Именно тогда он принялся колесить по миру, познакомился с Сартром и Симоной де Бовуар, был представлен Кастро и вдове Мао. На него посыпались многоязыкие премии — за достижения в области философии, экономики, художественной литературы. Порой то или иное правительство предлагало ему высокий пост, раз даже портфель министра; он неизменно отказывался. Без сомнения, он предпочитал портфелю письменный стол, и его книги и статьи, кое-где запрещавшиеся, все равно прорывались на свет в самых неожиданных местах. Кодичил, чья биография Криминале издана за четыре года до падения Берлинской стены, пишет, что некоторые рукописи до сих пор-де «дожидаются лучших времен». Запад корил его за излишнюю радикальность, в марксистских логовах шельмовали за вольномыслие, но в итоге репутация Криминале только укреплялась. На лекциях яблоку негде было упасть; посыпались приглашения зарубежных университетов. Он выступал в Болонье, читал курс в Йейле, срывал аншлаги в Бразилии, заработал почетную степень в Токио. Невозбранно критиковал все и всякие политические системы — но и наставлял Вальтера Ульбрихта в вопросах прав человека, а Николае Чаушеску в вопросах архитектуры; эти два эпизода резко диссонируют с его теперешним имиджем.

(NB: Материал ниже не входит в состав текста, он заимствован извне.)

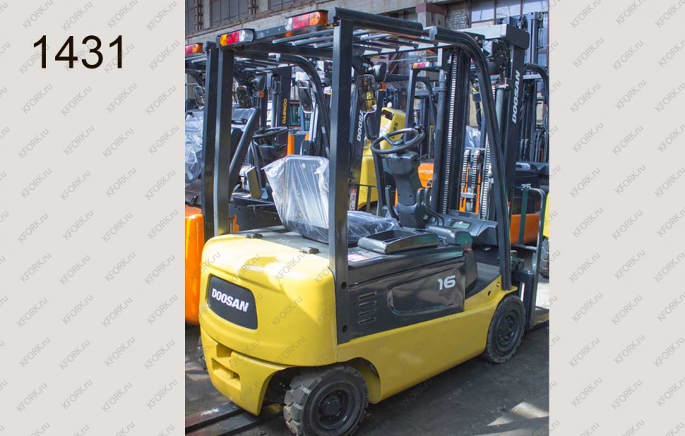 Электрический погрузчик Doosan Б/У с интентарным номером 1431 2007 года выпуска. Состояние - Хорошее. Имеет грузоподъемность 1600 кг. Гарантия: 4 мес или 500 м/час.

Так Криминале шел к мировой славе; его имя, его труды проникали в самые дальние уголки планеты. По количеству проданных экземпляров он, говорят, опередил Ленина — в СССР, Конфуция — в Китае, Жаклин Сьюзен — в США. В конце 70-х, когда идеологические контры приутихли и позиции левых сил пошатнулись, Криминале нисколько не утратил влияния — напротив. Повсюду разъезжал, со всеми беседовал. Если человечеству (ну, или какому-нибудь философскому конгрессу) требовался прогрессивный марксист или синтетический материалист-субъективист-деконструктивист, человечество тащилось на поклон к Криминале. Он пересекал границы с такой легкостью, точно границы давно отменены; его книги проникали за железный занавес и обратно, точно занавеса и не было никогда. Он стал искусником академических регламентов, виртуозом пленарных заседаний. Консультантом крупнейших международных организаций — Комкона и ЮНЕСКО, комитета по Сталинским премиям мира и комитета по Нобелевским премиям мира, Всемирного банка и Европейского сообщества. Другом президентов. Отдыхал на море с Горбачевым, посещал оперу с Миттераном, играл в гольф с Рейганом, пил пиво с Хельмутом Колем, поглощал чай и хлебцы с Маргарет Тэтчер. В Станфордском университете на его узкоспециальную лекцию о фракталах Мандельброта нежданно явились три тысячи слушателей. Что ни день, он получал почетную степень или иной знак отличия; фамилию «Криминале» уже употребляли как синоним слова «знаменитость». Вчера фотограф щелкает его в Большом театре рядом с Шеварднадзе, сегодня — на Браун-дерби рядом с Мадонной, а завтра — на палубе дизельной яхты, принадлежащей некоему итальянскому плейбою: аргонавтский кепарик, гологрудая нимфа под мышкой, эгейское небо над головой.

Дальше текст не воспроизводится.